For a long time, characters were encoded using ASCII code.

In Python, you can know the code of a character with the function ord:

print(ord('a'))
print(ord('@'))

The inverse of ord is chr.

lookup the ASCII representation of your first name in the table and use the chr function of Python to print it.

…

For example, if you name is ‘ZOE’, you would type:

print(chr(90)+chr(79)+chr(69))

Remark: ASCII codes use one byte (=8bits) per character. This is fine for English, but cannot cover all the caracters of all alphabets. It cannot even encode french accented letters.

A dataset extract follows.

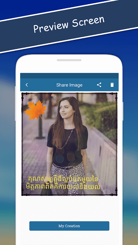 Khmer Photo Text Editor with Khmer Keyboard contains multiple stylish fonts and 50 colors which can be useful to create gradient color on a text and shadow to the background of a text. Write Khmer on Photo : សរសេរជាភាសាខ្មែរ includes 100+ HD photos to create a quote photo and also includes 100+ quotes in the Khmer language or you can write Khmer poetry on photo. Write Khmer Text on Photo also contains 25+ beautiful overlays and 25+ latest frames to create wonderful images.

Unicode was invented that associate a unique 2 bytes number to each character of any human script. It is possible to write text files using these number, but more economic to encode the most common letters with one byte, and keep the compatibility with ASCII (UTF-8).

print("".join([chr(c) for c in range(20000, 21000)]))

10.2.1. Strings 

In Python, text can be stored in objects called strings.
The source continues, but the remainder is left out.